日本と台湾の民間交流窓口「亜東関係協会」の彭栄次・元会長。橋本竜太郎元首相をはじめ日本政官界の中枢人脈を篭絡した彼の諜報活動の一端を振り返る。

「明徳小組」の責任者

彼と初めて会ったのは、筆者が共同通信の初代台北支局長として台湾に赴任する直前の1998年夏。台北のホテルで開かれた講演会で会い、しばらく話をした。

ビックリしたのは、中国語的なイントネーションがまったくない完ぺきな日本語だけではない。国際政治、経済についての豊富な知識と分析力に舌を巻いた。その後も彼とは定期的に会って取材し、2002年に台湾から帰任後も、時には電話を交えて、緊密に連絡を取り合った。

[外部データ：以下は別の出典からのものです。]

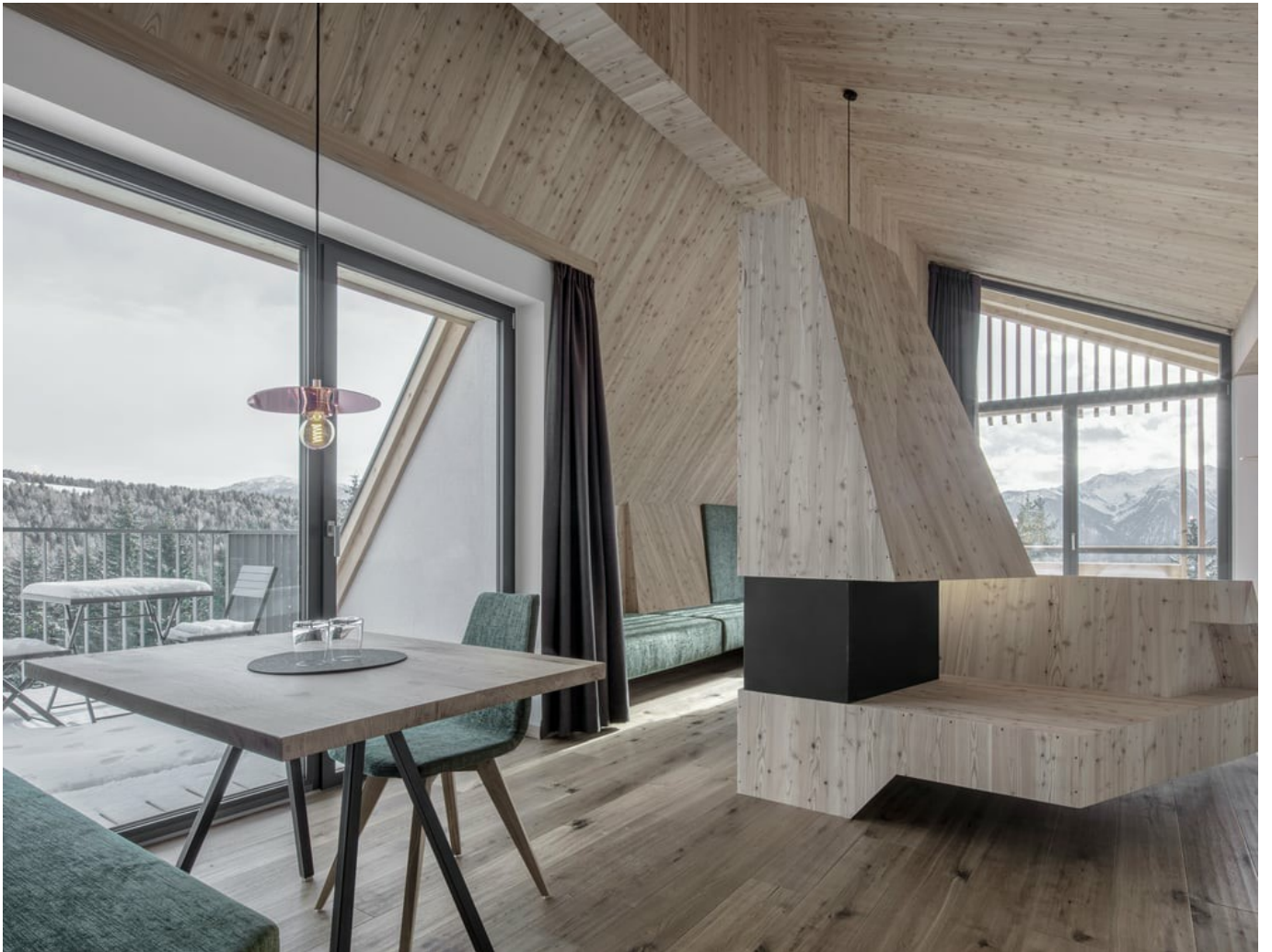
Dolomieten in zicht! De Oberhauser hut FIN-Project voor een ruim uitzicht.

www.finstral.com/nl/referenties/dolomieten-in-zicht-de-oberhauser-hut/311-3933.html
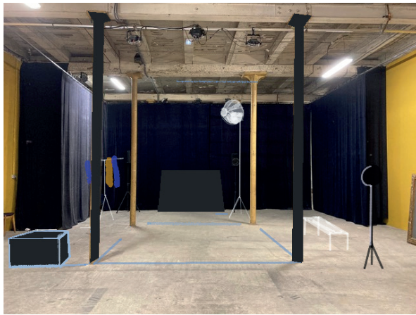
Croquis de Caroline Frachet, recherche scénographique ©Caroline Frachet

L'espace est épuré. Des scotchs bleus dessinent au sol une sorte de ring ou de surface d'exposition. Ils se prolongent sur deux assises à jardin et à cour. L'une d'elles est aussi un support de projection vidéo.
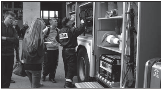
Kadeci w Jednostce Ratowniczo-Gaśniczej w PASŁĘKU

gowych (wypadków i karamboli), rozszczelnienia i wycieków tzw. technicznych środków przemysłowych (TŚP) typu chlor i amoniak, które są praktycznie zmagazynowane i użytkowane w każdym zakładzie przemysłu spożywczego np. w zakładzie mleczarskim w PASŁĘKU.
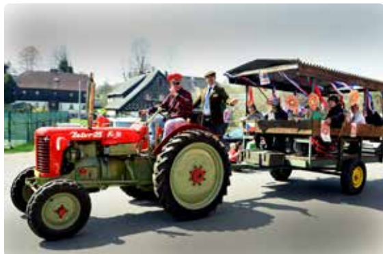
Očekávané přeháňky Mikulášovice minuly, a tak si prvomájovou jízdu všichni užili

SBĚRNÝ DVŮR každý všední den od 14.00 do 16.00 hodin sobota 4.6. a 18.6. od 9.00 do 11.00 hodin
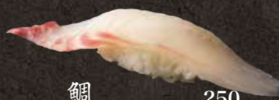
鯛 250 Sea bream 鯛鱼
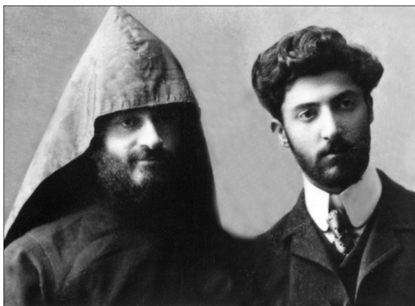
* Կոմիտասը և Վ.Տեր-Արաքելյանը, Բաքու, 1908թ. Комитас и В.Тер-Аракелян, Баку, 1908. Komitas and V.Ter-Araqelyan, Baku, 1908.

դապարճաններից մեկն էլ հանդիսացավ Խրիմյան Հայրիկի կորուստը (1907թ.):
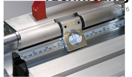
System pomiarowy AMS 200
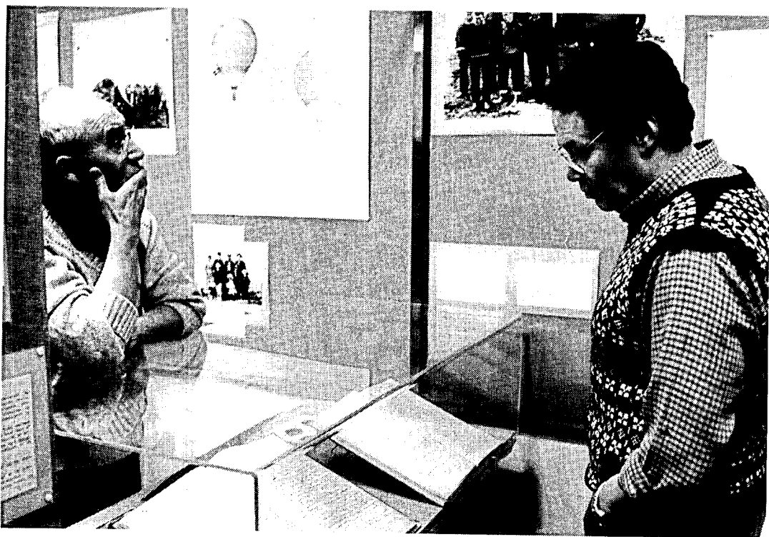
Fra udstillingen på Grønlands Arkiv.

Tilbageførslen af de første 80 meter af i alt ca. 500 meter grønlandske lokalarkiver er blevet markeret dels i form af
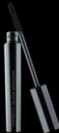
HYPNOTIC BLACK MASCARA Máscara de pestañas
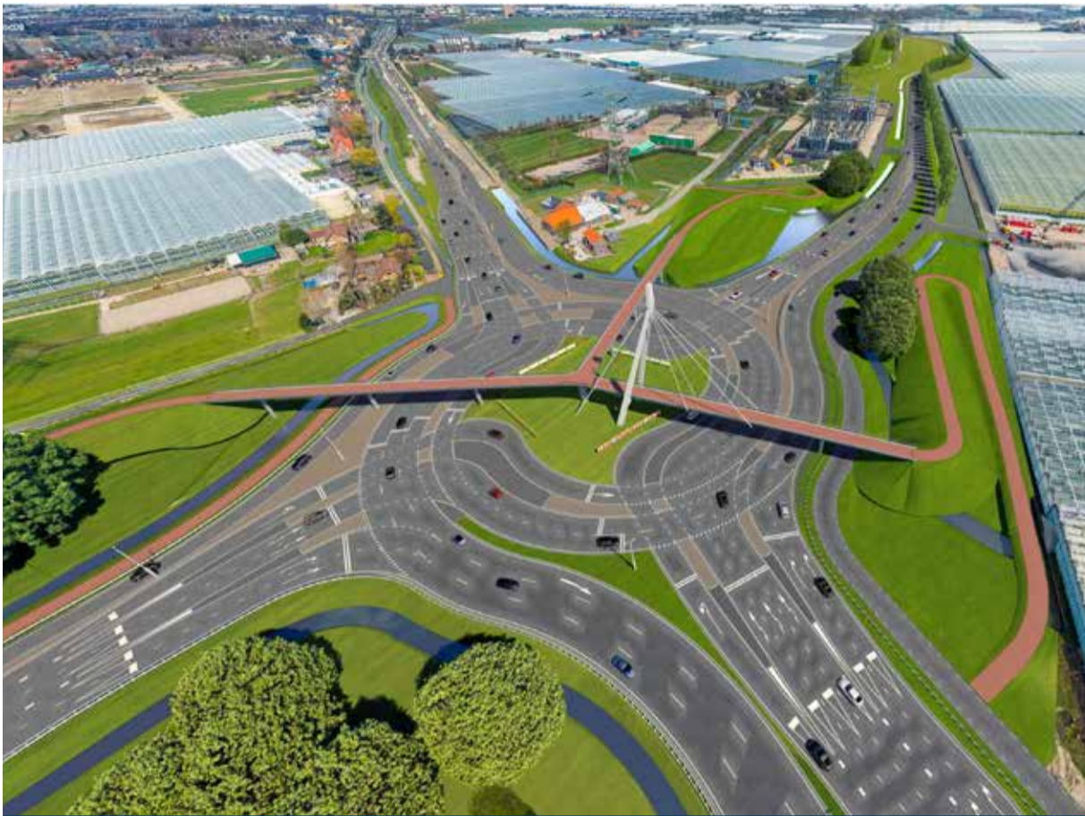
Dit fietsviaduct komt over het nog aan te leggen Vlietpolderplein in gemeente Westland. Met het fietsviaduct herstellen en optimaliseren we de oude fietsverbindingen en vergroten we de fietsveiligheid. Het fietsviaduct is een van de maatregelen die genomen wordt voor een betere bereikbaarheid van Westland en Hoek van Holland. De provincie Zuid-Holland trekt dit project
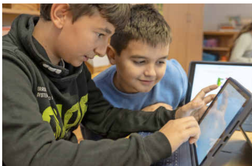
Jedes Kind sowie jede Lehrkraft der Heilbronner Schulen soll zukünftig im Rahmen eines pädagogischen Konzepts kostenfrei ein Tablet bekommen.
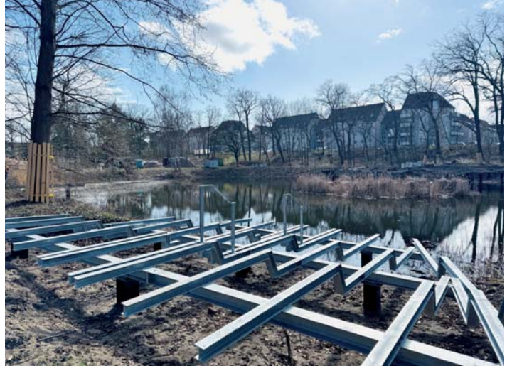
Auch die großzügigen Aufenthaltsplattformen sind bereits in ihren künftigen Ausmaßen zu erahnen und sollen als Erholungsorte dienen.
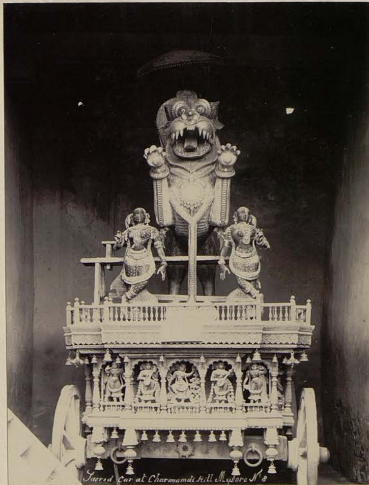
Sacred Car at Charamandi Hill Mysore N° 8
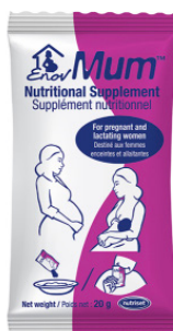
SQ-LNS pour la prévention
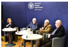
Panel dyskusyjny na „Przystanku Historia” IPN.
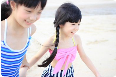
Abb. 1 — Kinder am Strand

③ Entscheidet (wieder in Partnerarbeit) bei den unten dargestellten Bildern, ob diese rechtlich problematisch sind oder nicht. Begründet eure Entscheidung.
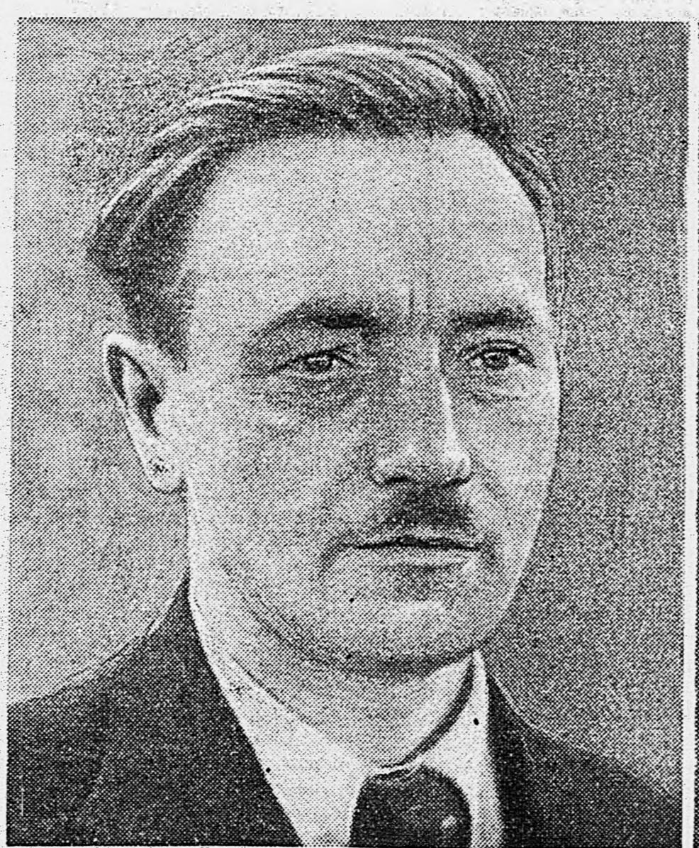
Председатель Крайовой Рады Народовой (Польского Национального Совета) г-н Б. Берут.
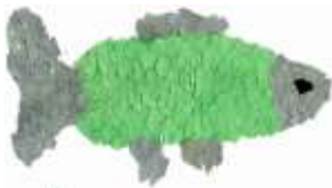
Vojtěch Kirschner, 7. B
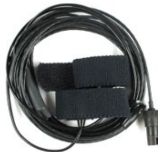
GSR-Sensor (galvanische Hautantwort)
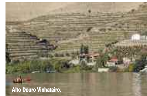
Alto Douro Vinhateiro.
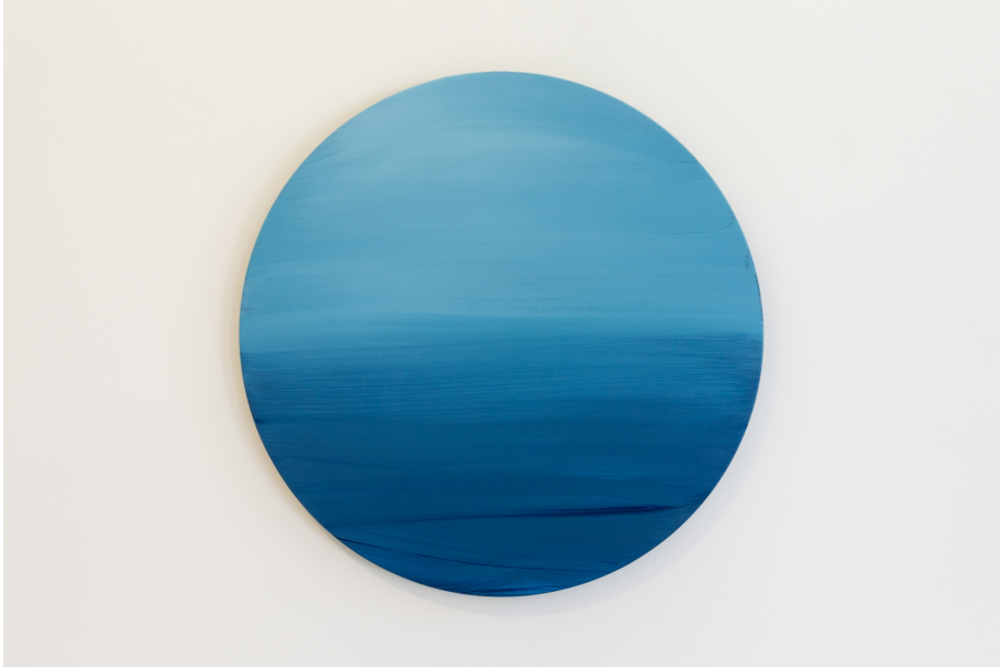
Nailing Colours to the Mast Exhibition View Nosbaum Reding, Luxembourg, 2024
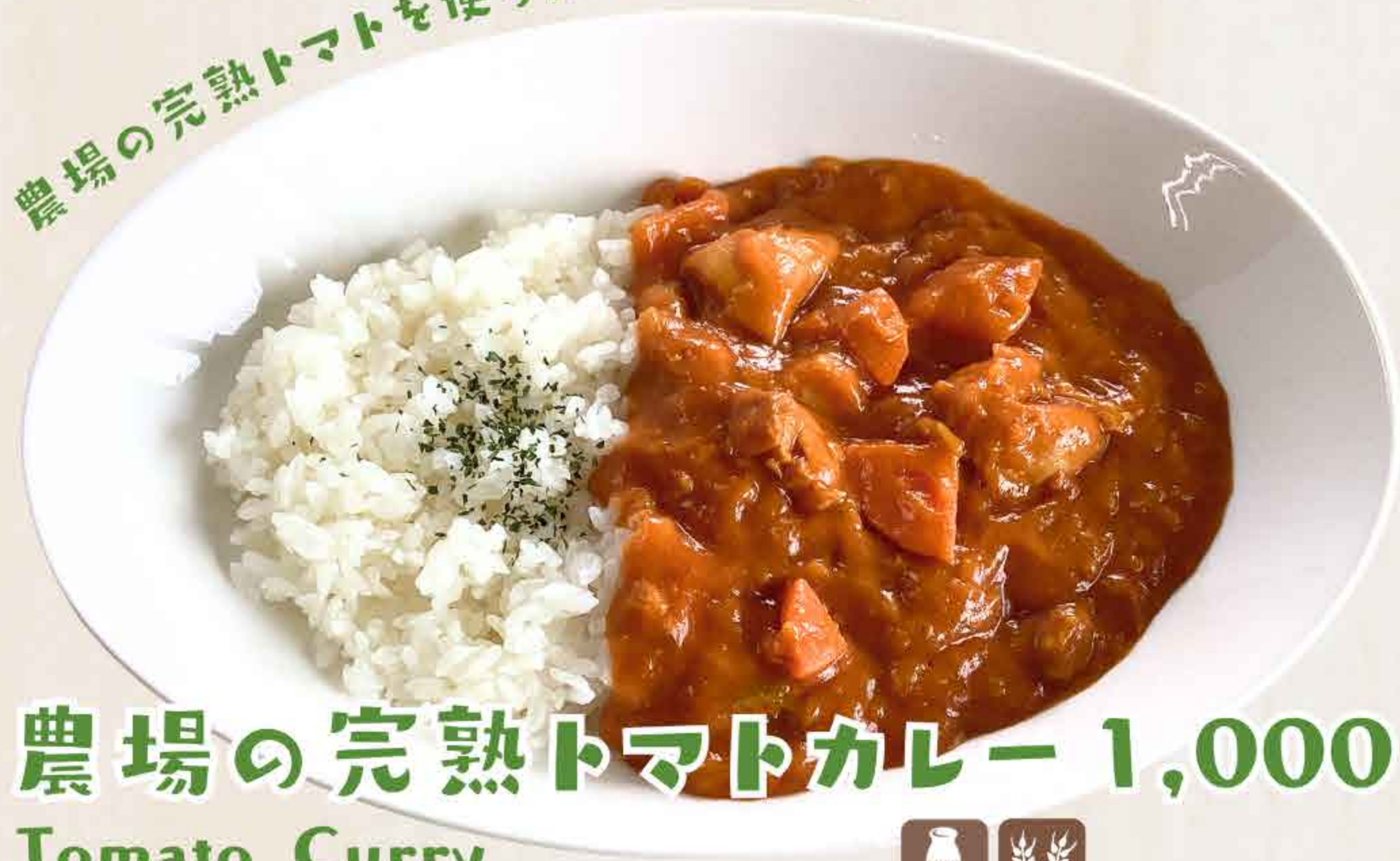
農場の完熟トマトカレー 1,000円 Tomato Curry
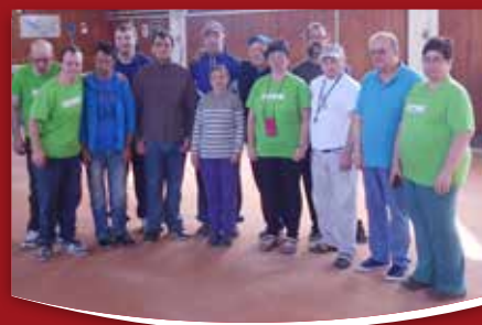
39 OBČINA PO MERI INVALIDOV VDC Nova Gorica praznuje 40 let
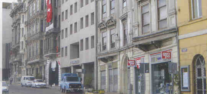
◀ 이스탄불 도심건축물

터키 한국대사관이 후원하는 한국산업미술가협회 정기 회원전이 “한국의 美”를 주제로 터키 앙카라 현대예술원에서 열리게 되어 필자는 지난해 11월 4일부터 일주일간 협회 회원들과 함께 터키를 여행하게 되었다. 토요일 오후1시에 인천공항에서 전시참가단 10여명이 인사를 나누다음 출발하게 되었다. 출발전 여행사로 부터 얻은 터키의 역사와 7천만명의 인구, 우리나라와 비슷한 기후조건, 그리고 한반도의 3.5배 넓이의 국토, 터키100만TL(리라)가 약1,200원 정도의 환율지식 등 몇가지 단편적인 정보를 들었지만 “동서양의 문명이 공존”하는 나라, 우리나라를 형제나라로 부르는 터키인과 터키역사와 문화에 대해 직접 접할 기회는 없었기 때문에 출발전 부터 기대와 호기심이 가득했다. 우리일행을 태운 비행기는 어느덧 북경을 거쳐 중앙아시아 사막을 날고 있었다. 서울을 출발한지 꼭 12시간만에 이스탄불공항에 도착하니 현지시간은 오후8시로, 우리시간보다 7시간 늦게 가고 있었다.

彭は台湾大学経済系を卒業後、金融機関勤務を経て「台湾運輸機械公司」に入った。2009年には亜東関係協会会長に就任したが、それは「表の顔」に過ぎない。李登輝側近として1994年から2000年にかけ、日米台3者の連携を強化するための諜報機関「明徳小組」の責任者の活動にこそ、彼の真骨頂がある。

「明徳小組」の秘密活動は2002年3月、台湾の週刊誌『壱週刊』と『中国時報』、香港紙『星島日報』がスクープした。活動目的について壱週刊は「軍・情報系統を通じてアメリカ、日本との実質的な関係、台米日三者をつなぐ秘密パイプをつくること」と書いた。

壱週刊によると、日本側メンバーには橋本龍太郎氏が首相退任(1998年7月)後に加わったほか、自衛隊「統合幕僚長」、内閣情報調査室長、公安調査庁および警視庁長官(経験者)など、軍・情報のトップクラスが入った。